Q: So, we do not have any more questions. So we have to say you thank you very much.

APPENDIX B.2: INTERVIEW WITH PETER HERMANSEN FROM


TOURIST INFORMATION OFFICE

QUESTION: What is the importance of tourism to the city of Aalborg?

ANSWER: Of cause I am bound to say yes but actually it is very important to Aalborg
and more important to the region of North Denmark. The region of north Denmark is the
largest tourist region in Scandinavia. Summer cultures, it is also beach resorts. It is very
popular. These resorts in the old days were fishing areas. The only way of life was either
farming or fisherman. Later industry, tourism grew rapidly also. In the region tourism is
major growth sector that are being focused on.
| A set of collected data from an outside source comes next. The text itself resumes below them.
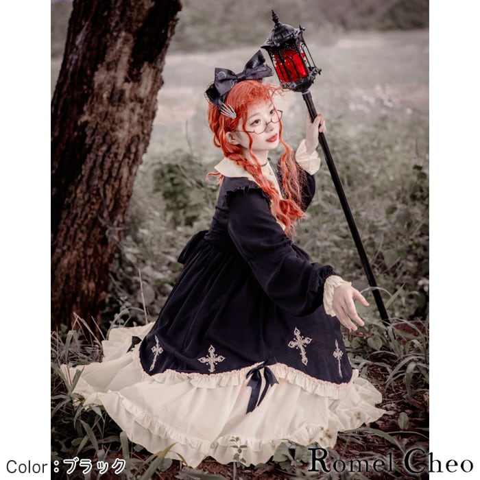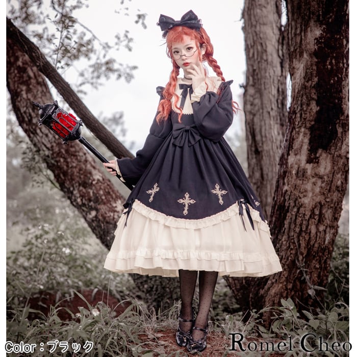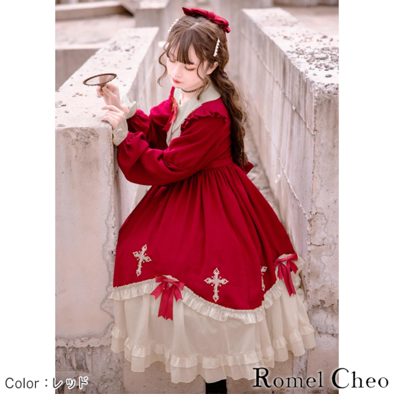 【お支払い確認後20日以内発送】RomelCheo ゴスロリ ビッグスイング ワンピース ゴシック ロリータ ドレス プリンセスライン ロング 裾フリル ボリューム袖 リボン 十字架 クロス 刺繍 黒ロリ 赤ロリ 長袖 原宿系 青文字系 エレガント レトロ クラシック ガーリー ファッション ロメルチェオ
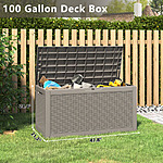 Dearca via Walmart.com has Bifanuo 100 Gallon Resin Deck Box, Lockable Outdoor Storage Container, Water Resistant for Patio Cushions on sale for $59.99.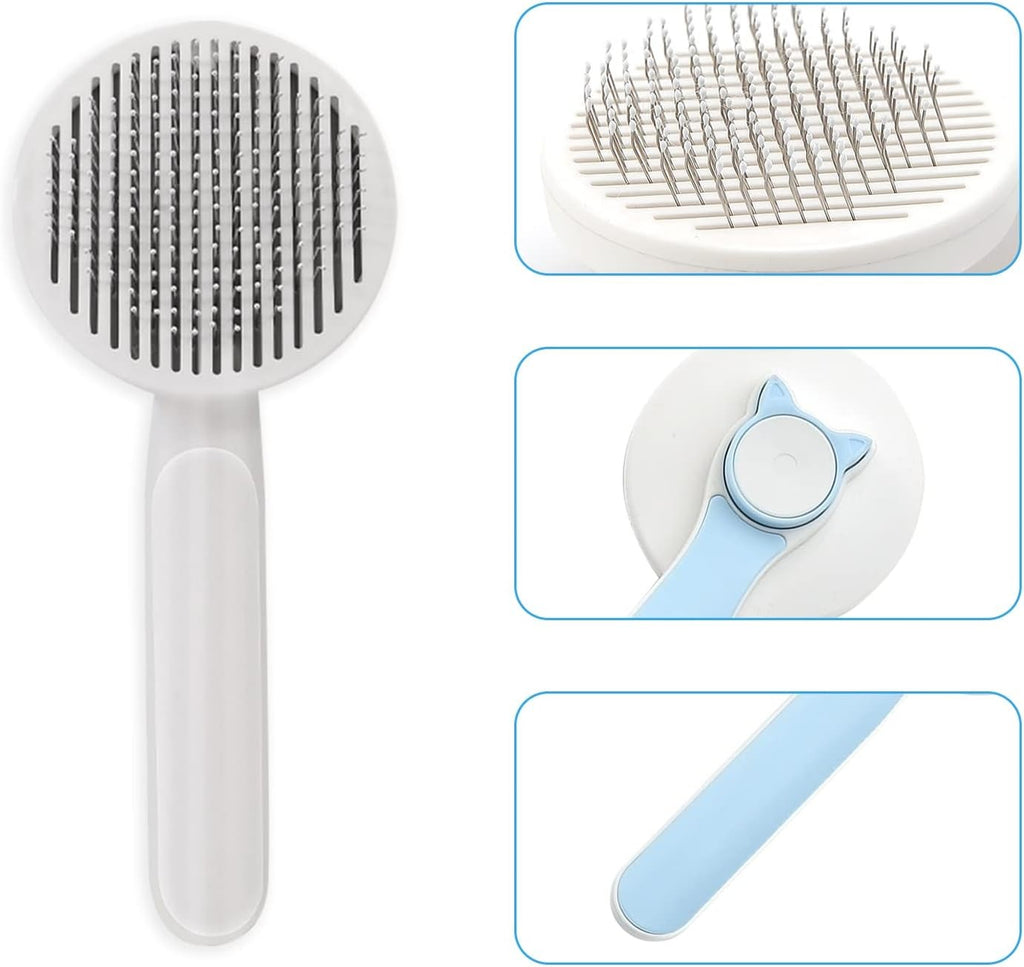 Este es un cepillo multifuncional para mascotas que combina la depilación y el cuidado de la mascota. El peine extraíble en la parte inferior sirve para eliminar los nudos de pelo. Los peines en forma de disco se utilizan para tratar el pelo de los animales como un masaje o eliminar la suciedad.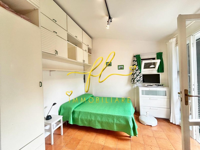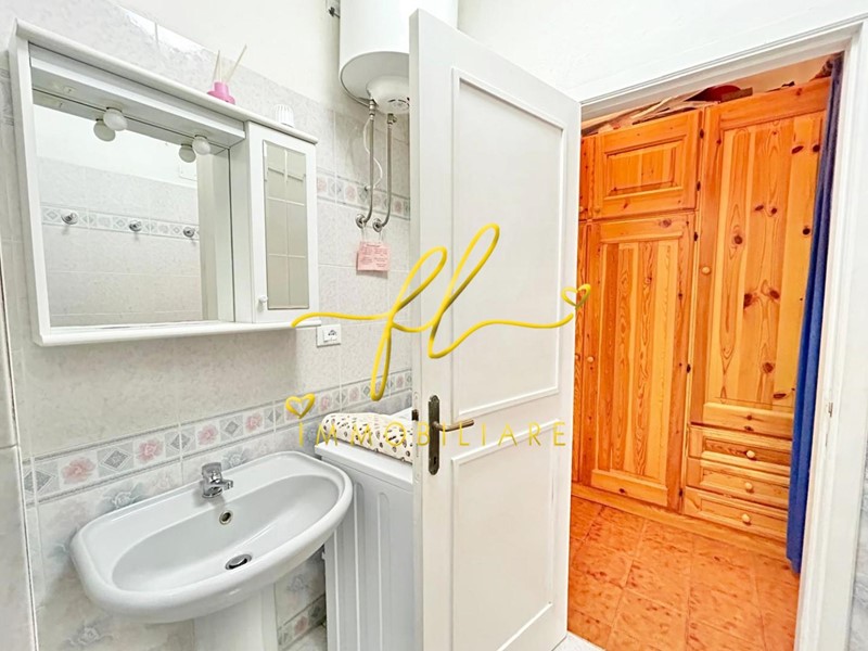 Il bilocale è attualmente suddiviso in doppia corte esterna una accessibile dal soggiorno e una dalla camera per godere di momenti conviviali all’aperto dopo una giornata al mare, soggiorno ampio con doppia finestra e angolo cottura, disimpegno ampio dove è stato collocato un comodo armadio a muro, ampio bagno, camera matrimoniale e piccolo altro vano utilizzato come altra piccola camera singola; Uscendo dalla porta finestra della camera troviamo una scala a chiocciola che conduce alla terrazza sul tetto.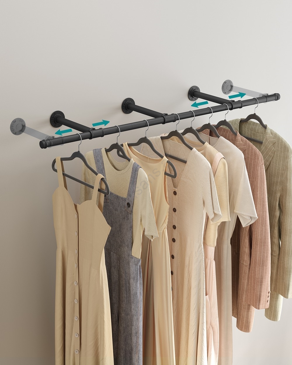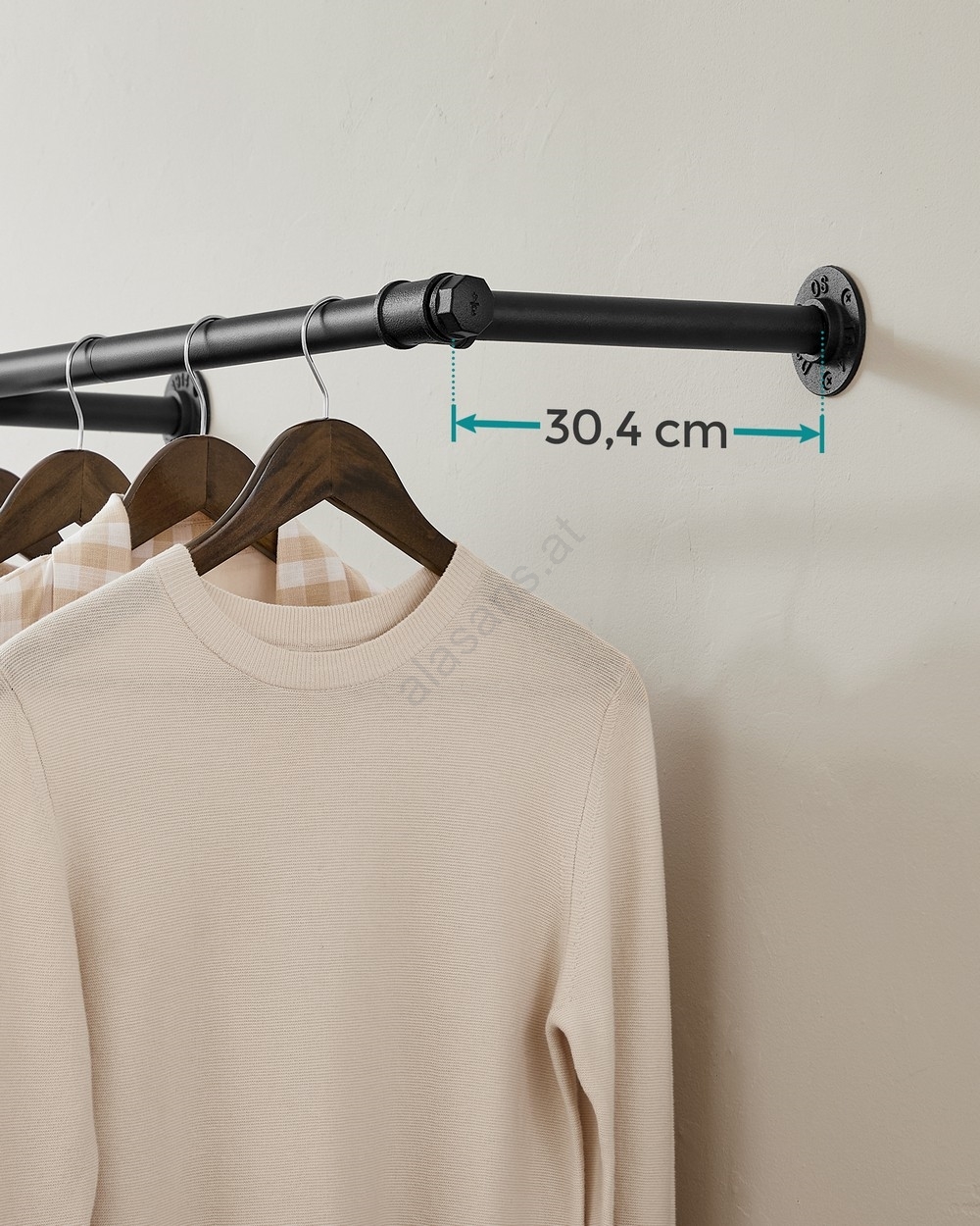 • Die Halterung nutzt die Wandfläche optimal und erweitert den Stauraum zum Organisieren und Aufhängen von Kleidung, wenn im Schrank wenig Platz ist, ohne dabei Bodenfläche zu beanspruchen.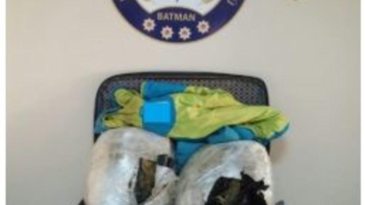 Batman’da bir yolcu otobüsünde yapılan aramada, 15 kilo 500 gram esrar ele geçirildi.Konuya ilişkin İl Emniyet Müdürlüğü’nden yapılan açıklamada, Kaçakçılık ve Organize Suçlarla Mücadele Şubesi Uyuşturucu ile Mücadele Şube Müdürlüğü ekiplerinin durdurduğu bir yolcu otobüsünde arama yaptığı bildirildi. “Sarıkız” isimli narkotik köpeğin yardımı ile yapılan aramada, aracın bagaj kısmındaki elbise valizine gizlenmiş 15 kilo 500 gram esrar maddesinin ele geçirildiğine dikkat çekilen açıklamada, olayla ilgili gözaltına alınan bir kişinin tutuklanarak Batman Cezaevine gönderildiği kaydedildi.

For Aalborg, it is the main town or city in the region. We do have a lot of visitors. The city
attracts approximately 450,000 (bed night) visitors each year. We have 1 day visitors; we
call them bed nights. Some stay in summer quarters, others stay in holiday apartments.
There are bed night visitors. There are more attractions when there is a good weather
condition. On rainy days, some people visit the city centre for shopping and see the
attractions of the city.

For the city of Aalborg tourism is not a primary sector. We have large university, we have
traditional companies, and we have a lot of hotels, restaurants, conference centres etc.
They live not from hotels, traditional businesses but also from tourist. It is quite important
but not the number1 business sector.

Q: What are the tourism potentials for city of Aalborg?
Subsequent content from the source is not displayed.